Low-distortion and GPU-compatible Tree Embeddings in Hyperbolic Space
Max van Spengler, Pascal Mettes
TL;DR
Addressing the need for faithful, GPU-friendly hyperbolic embeddings of tree-structured data, the paper proposes HS-DTE, a highly separated Delaunay-based constructive embedding that optimizes hyperspherical separation, and HypFPE, a floating point expansion framework for high-precision computations on GPUs. HS-DTE uses a minimal angle maximization objective to place children on hyperspheres with improved separation, enabling lower distortion across dimensions; HypFPE provides ulp-nonoverlapping expansions and new routines to compute hyperbolic distances via acosh and atanh with enhanced precision.
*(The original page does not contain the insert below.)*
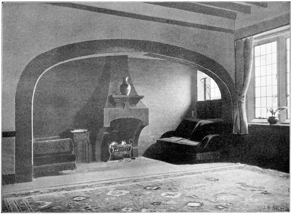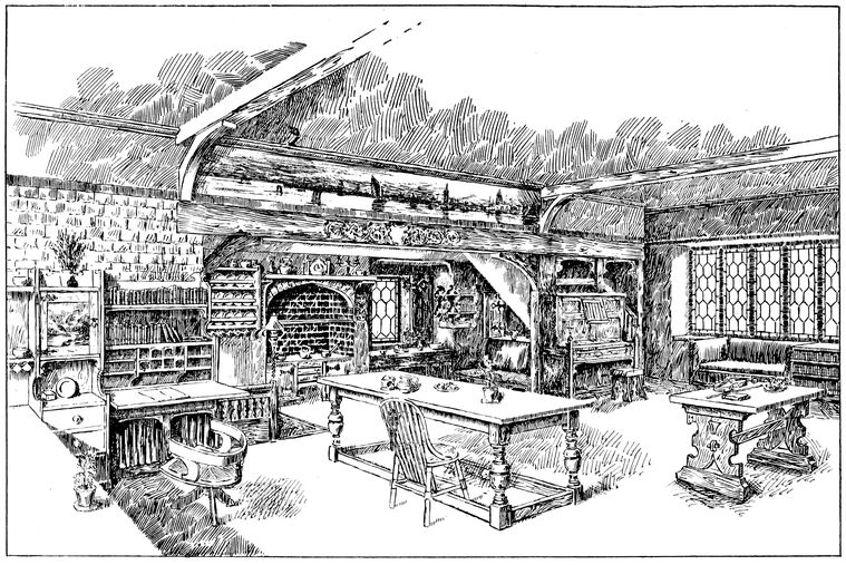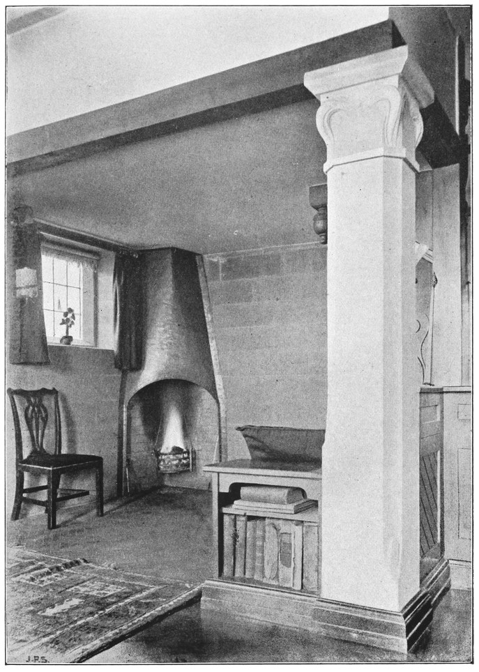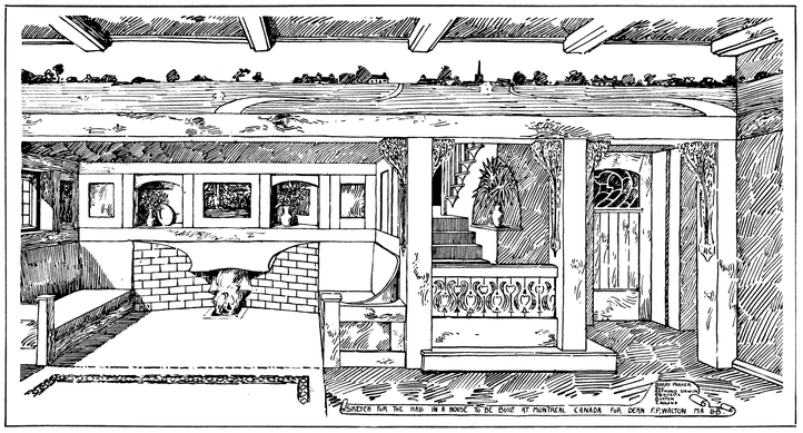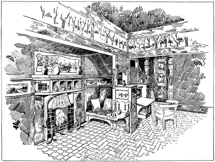 Now many people have a feeling that there is a certain cosiness in a small room entirely unattainable in a large one; this is a mistake altogether; quite the reverse has been my experience, which is that such a sense of cosiness as can be got in the recesses of a large room, can never be attained in a small one, be it no larger than a sentry box. But if your big room is to be comfortable it must have4 recesses. There is a great charm in a room broken up in plan, where that slight feeling of mystery is given to it which arises when you cannot see the whole room from any one point in which you are likely to sit; when there is always something round the corner.

Empirically, HS-DTE outperforms existing constructive and optimization-based methods on complete m-ary and phylogenetic trees, and HypFPE further boosts accuracy when combined with HS-DTE or other constructive methods, while preserving GPU compatibility. The work also delivers theoretical error guarantees for FPE-based distance computations and releases software libraries for arbitrary-dimensional hyperbolic embeddings and GPU-optimized precision arithmetic, broadening the practical impact for hyperbolic neural networks.
Abstract
Embedding tree-like data, from hierarchies to ontologies and taxonomies, forms a well-studied problem for representing knowledge across many domains. Hyperbolic geometry provides a natural solution for embedding trees, with vastly superior performance over Euclidean embeddings. Recent literature has shown that hyperbolic tree embeddings can even be placed on top of neural networks for hierarchical knowledge integration in deep learning settings. For all applications, a faithful embedding of trees is needed, with combinatorial constructions emerging as the most effective direction. This paper identifies and solves two key limitations of existing works. First, the combinatorial construction hinges on finding highly separated points on a hypersphere, a notoriously difficult problem. Current approaches achieve poor separation, degrading the quality of the corresponding hyperbolic embedding. We propose highly separated Delaunay tree embeddings (HS-DTE), which integrates angular separation in a generalized formulation of Delaunay embeddings, leading to lower embedding distortion. Second, low-distortion requires additional precision. The current approach for increasing precision is to use multiple precision arithmetic, which renders the embeddings useless on GPUs in deep learning settings. We reformulate the combinatorial construction using floating point expansion arithmetic, leading to superior embedding quality while retaining utility on accelerated hardware.